Technion researchers have developed a smart light source based on a single atomic layer of material. The achievement will enable the development of new quantum applications in the field of computing and in other fields
Technion researchers have developed a new light source based on a single atomic layer. The innovative development, published in the journal Nature Nanotechnology, allows control ofSpin of the photons emitted in a two-dimensional material and paves the way for new photonic devices based on "spin optics on an atomic scale". The discovery is based on the interaction of a single atomic layer with nanoantenna arrays on a silicon chip while creating defects in photonic crystals.
The study was conducted in the research group of Prof. Erez Hasman, Head of the Laboratory for Atomic Scale Photonics, with Prof. Elad Koren, Head of the Laboratory for Electronic Nanomaterials and Nanocomponents at the Faculty of Materials Science and Engineering. The two research groups belong to the Helen Diller Quantum Center and the Russell Berry Nanotechnology Institute. The research was carried out and led by Dr. Kexiu Rong and Dr. Bo Wang in collaboration with researchers Dr. Elhanan Magid, Dr. Vladimir Kleiner, Avi Reuven, Bar Cohen and Shaul Katznelson.

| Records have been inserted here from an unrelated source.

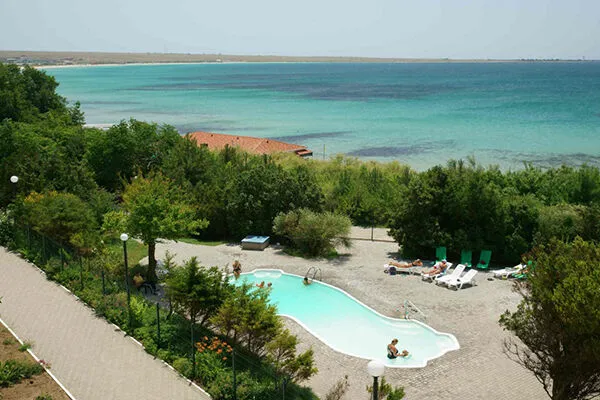 Территория пансионата, это великолепный цветущий парк и собственный благоустроенный песчаный пляж протяженностью 600 метров. Жилой фонд составляют номера различного уровня удобств, с возможностью размещения как в корпусах так и в коттеджных городках или апартаментах на берегу моря.
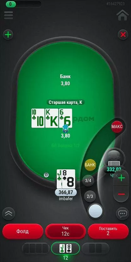 - Удобный слайдер ставок. Нужный размер рейза можно выбрать за несколько кликов.
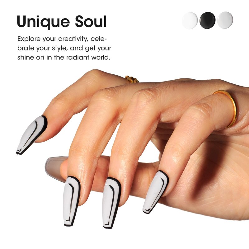 - ENVIRONMENTAL & HEALTHY: Gellen 6pcs white gray black glitter gel nail polish kit are made from Toxin-Free Ingredients which makes it safe and has a low odor.The greenest formula brings you the best nail art experience.
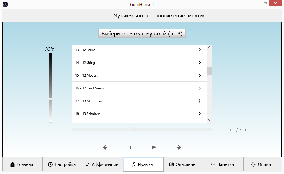 С целью разграничения уровней звука музыкального сопровождения и звука команд приложения GuruHimself в приложение встроен проигрыватель. Музыка подготавливается индивидуально в формате mp3 и загружается с папки “Выберите папку с музыкой (mp3)”. Выберите папку и подтвердите выбор и больше никаких действий. В “Android”, после нажатия кнопки “Загрузите музыку mp3”, звуковые файлы формата mp3 загружаются как с внешней карты памяти, так и с внутренней памяти гаджета.
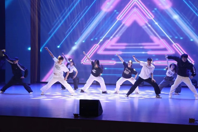 開場(chǎng)《節(jié)奏狂舞》通過巧妙的燈光變換和激昂的音樂,為觀眾營(yíng)造一個(gè)充滿神秘感和期待感的氛圍。隨著音樂的節(jié)奏,舞者從舞臺(tái)的不同位置逐一入場(chǎng),迅速聚集在舞臺(tái)中央。
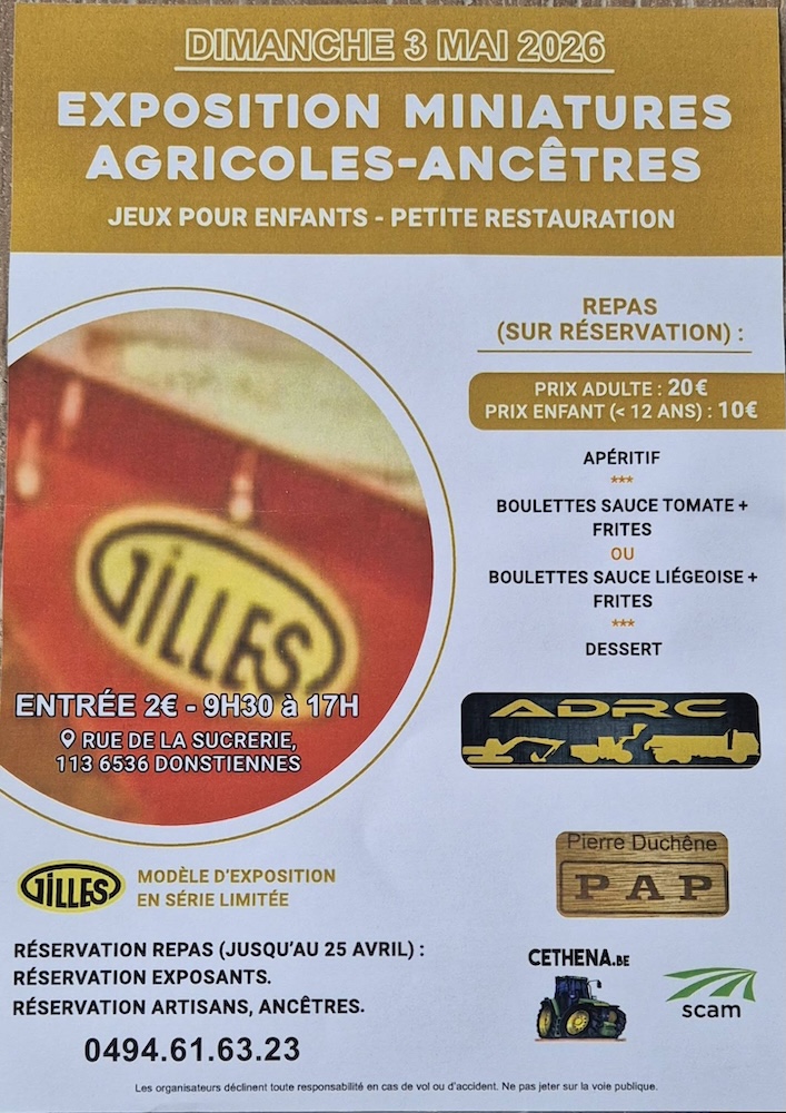 | 03/05/26 | Exposition miniatures agricoles / Balade de vieux tracteurs | Donstiennes (Belgique) | ![]() |

What are two-dimensional materials? According to Prof. Korn, "In 2004, the possibility of creating a single atomic layer was first examined when the physicists Andre Geim and Konstantin Novoslov, later winners of the Nobel Prize in Physics (2010), developed a simple method for creating single layers of carbon atoms. The two attached adhesive paper to a piece of graphite and peeled off the material layer by layer until obtaining a single layer of atoms known as graphene. They showed that the atomic layer of matter is very different in its properties from the properties of matter in its three-dimensional form. It is a material a hundred times stronger than steel and with extraordinary electrical properties, and according to estimates it is expected to revolutionize conductors and semiconductors, displays and screens, solar cells and more. Following this discovery, atomic layers were developed from other materials, and they also exhibited surprising and unique properties."

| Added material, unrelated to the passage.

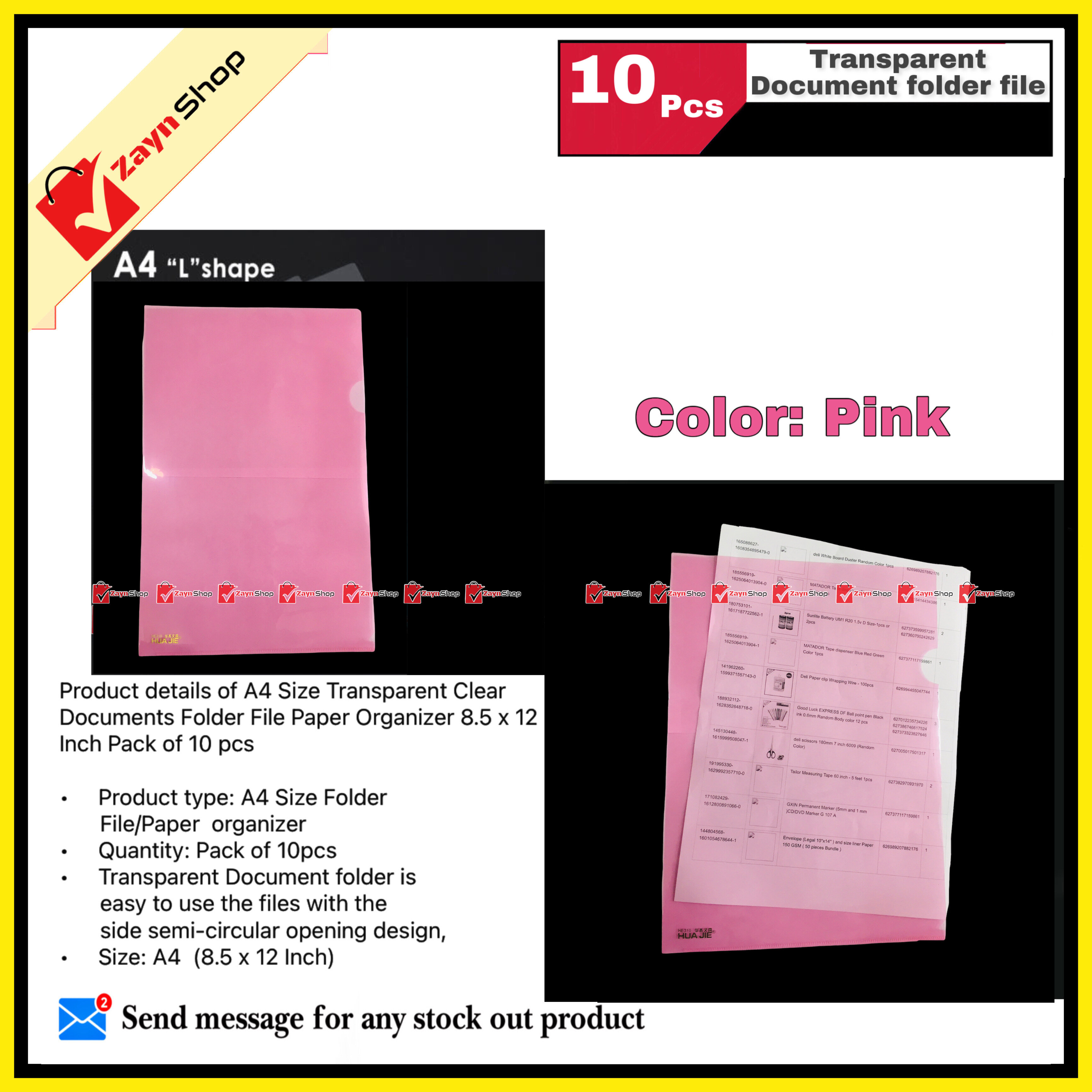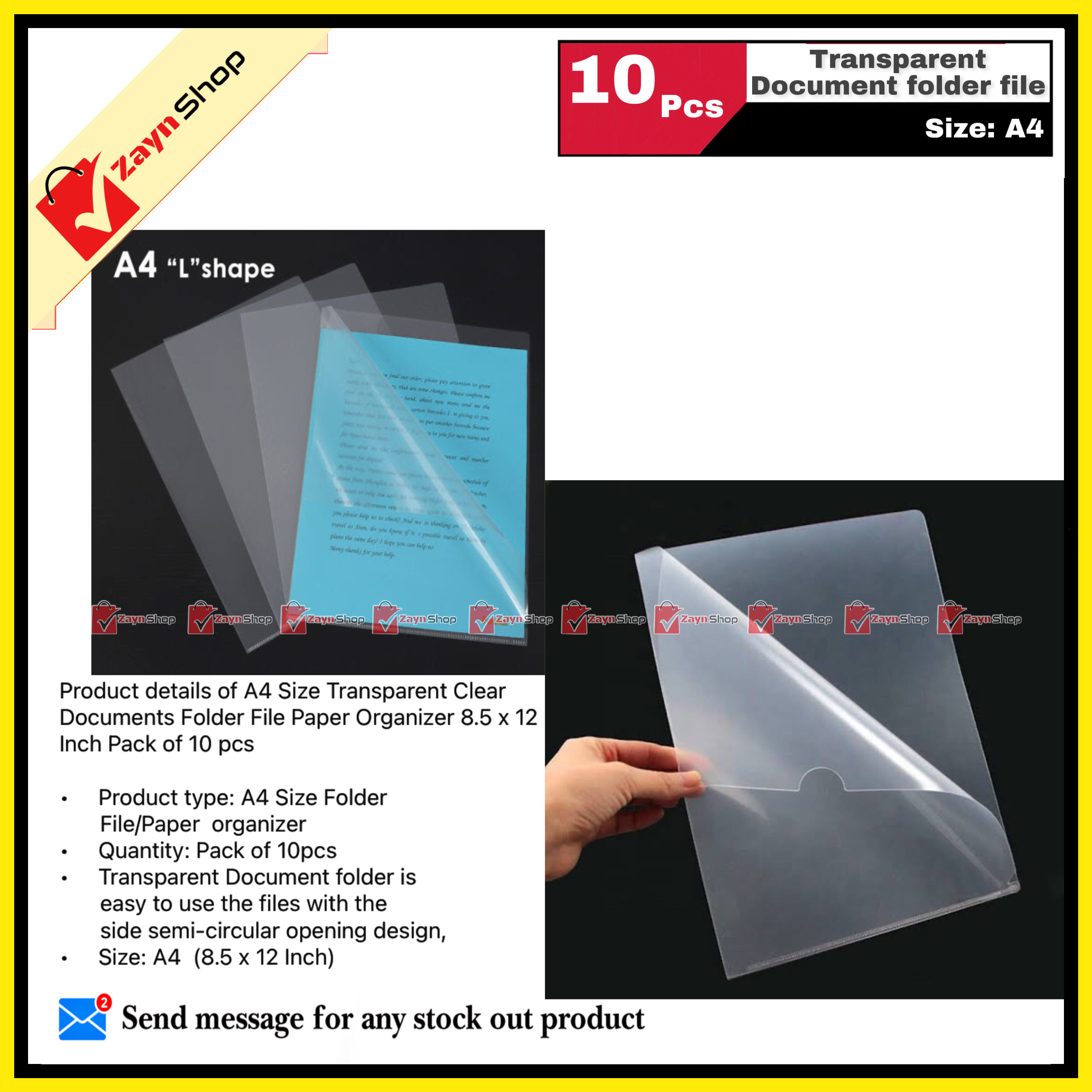 Product details of A4 Size Transparent Clear Documents Folder File Paper Organizer 8.5 x 12 Inch Pack of 10 pcs

Prof. Hasman continues and explains: "Following the discovery of graphene, many two-dimensional materials were discovered and studied, such as various semiconductors, which also make it possible to obtain interesting optical properties. Standard electronic chips are based on silicon, which greatly limits the development of the next generation of computers that requires a combination of electronics and photonics, partly due to the lack of an essential condition called 'direct energy gap' in silicon. To our surprise, the same direct energy gap was discovered in two-dimensional semiconductors, which makes it possible to combine photonics and electronics on the nanometer scale, to produce light sources and active photonic devices with them, and to pave the way for future generations of chips."
To minimize the electronic chip and significantly increase the speed of processing and the rate of information transmission, the accepted approach today is spintronics - performing operations on the spin, one of the important properties of the electron, and not on the electron flow. A few years ago Prof. Erez Hasman from the Technion founded a new field called Spinoptics, which makes it possible to utilize the spin of the photons through metasurfaces for the benefit of transferring and processing information in photonic chips. The transfer of information is based on controlling the photonic spin with the help of nanophotonics - optics on the nanometer scale.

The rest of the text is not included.